The whole front garden has changed a lot - big improvements in the drive and the parking areas, but it feels a bit odd at present. Our house is now visible from the lane for the first time in living memory, and the garden seems rather flat and boring. Righto - some plans for planting are required!

 

Tuesday, 10 November 2020

Hooptedoodle #379 - Meanwhile, back in the Garden, Work Continues

The landscaping work continues, though things have slowed down a little as it becomes obvious that we need some heavier kit.


Barry the Iraq Vet has achieved wonders with the unwanted rhododendron bed. This has now been reshaped, squared off, dug out and dressed with hardcore, which has been tamped with a petrol-driven "whacking plate". The work on this part of the job took about two and a half days, and you can already see the potential improvement in the driveway. Gravel to follow.


Which brings us back to the overgrown juniper trees. This (above) is the state they were in at the start of last week - simple enough job? In fact they've been much tougher than expected - inside the greenery, these things have emerged as real monsters. Thus far, three big truckloads of wood and foliage have been taken to the Council's "green waste" site, and the junipers are now reduced to massive, twisted stumps which will require a far heavier chainsaw to cut up - I reckon we've maybe lost two days on this, not that it matters a lot at the moment. Bear in mind that these trees started life as a variety of juniper which was described as a shrub, expected to reach a height of 6 feet or so. Right.

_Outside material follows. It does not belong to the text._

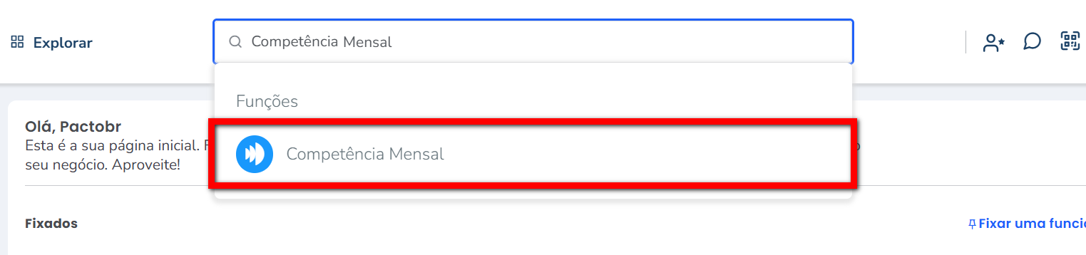 1. Na lupa de busca do sistema, pesquise por “Competência Mensal“;

Tomorrow, five 1-metric-tonne bags of 20mm whin chips are arriving from a builders' merchant in Kelso, in the Border country. It's clear that we aren't going to be ready to use them, but we can line up the bags on a "quiet" part of the site. Tomorrow's main tasks are going to be cutting down the stumps, digging down around them and grinding them to below ground level. After that, there is a lot of digging out of rubbish, leaf mould and a very large amount of sawdust which has accumulated during the deforestation exercise - then there should just be a big clean-up of the area and we are ready to spread the gravel. 

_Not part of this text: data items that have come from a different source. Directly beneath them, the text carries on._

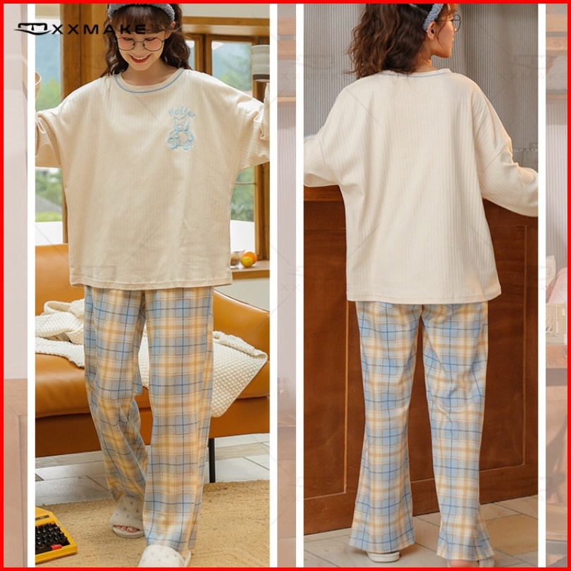 Xxmake Piyama Dewasa Set Piyama Wanita Lengan Panjang Celana Panjang Pajamas Baju Tidur
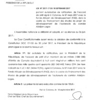 - Loi n° 2017-17 du 18 septembre 2017 portant autorisation de ratification, de l'accord de prêt signé à Cotonou, le 07 mars 2017 avec le Fonds Africain de Développement (FAD), dans le cadre du financement des études du projet de l'autoroute du corridor Abidjan-Lagos.
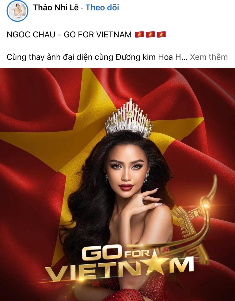 Bên cạnh đó, trên trang chủ của Miss Universe Vietnam (MUVN) đã đăng tải hình ảnh Ngọc Châu và kêu gọi mọi người cùng đổi ảnh đại diện để cổ vũ tinh thần đại diện nước nhà. Bức ảnh đính kèm dòng chữ "Go for Vietnam" (tạm dịch: Tiến lên Việt Nam), đằng sau để cờ đỏ sao vàng làm tăng tinh thần dân tộc.

The picture here shows the ruin of the eastern juniper, when it was still about 5 feet tall - this is before we started work on the western one, which is looking pretty much intact in this view.

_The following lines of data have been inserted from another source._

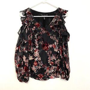 WHBM WHITE HOUSE BLACK MARKET Floral Velvet Burnout Cold Shoulder Blouse PETITE
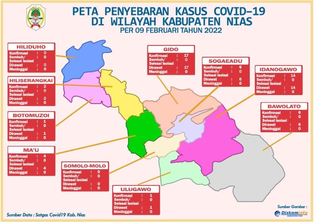 Pada informasi data penyebaran Covid-19 tersebut di petakan sesuai Kecamatan masing-masing yang ada di wilayah Kabupaten Nias, berikut datanya.
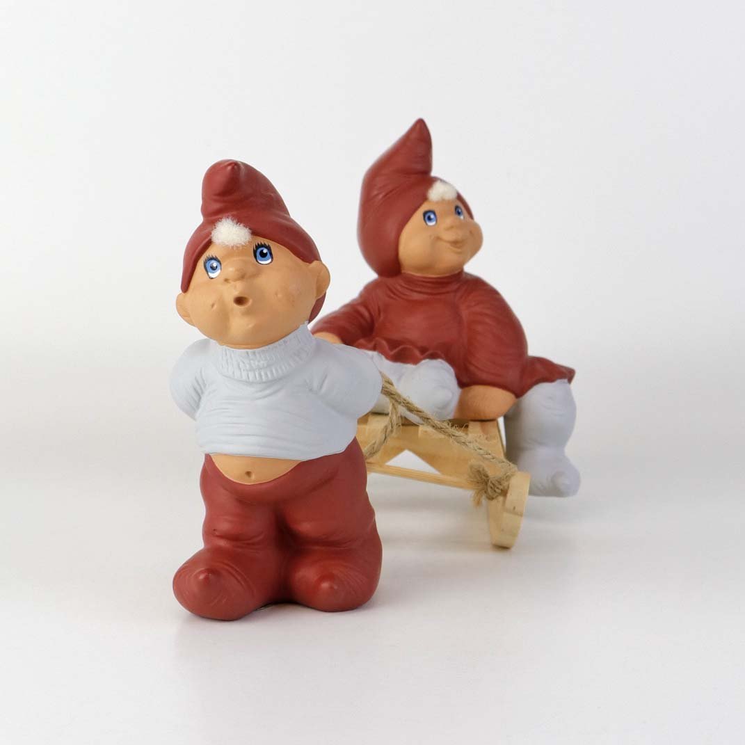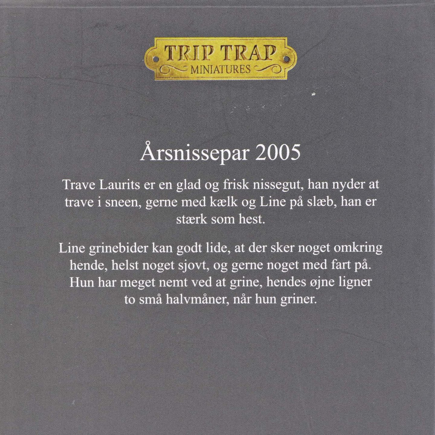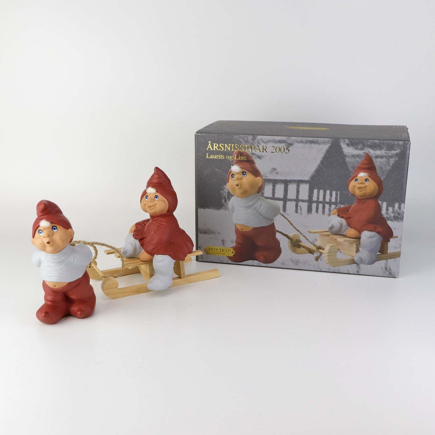 Text zugänglich auf Dänische: Figursæt med motiv Laurits og Line, som er årsnissepar fra år 2005 fra serien Klarborg jul. Figurene kommer med original boks.

Some beautiful stone blocks are emerging from under these trees - most of this I've never seen before, since it was last exposed to daylight some years before I moved here. I'll get a photo of this when things are tidied up. The whole area is really opened up; we have to be careful here - last time we removed a tree (reluctantly - we had to - it was dangerous) we rather took a dislike to the garden for about 10 years, so we'll have to have some positive forward plans about what happens next. I need to talk to a proper garden designer. My problem with gardens is that I know when I see something I like, but I seem to have great difficulty in visualizing what layouts will look like - especially when we get into the 3D world of shrubs and bushes. 

I have to say, we've been remarkably lucky with the weather - any serious rain would slow us down a lot.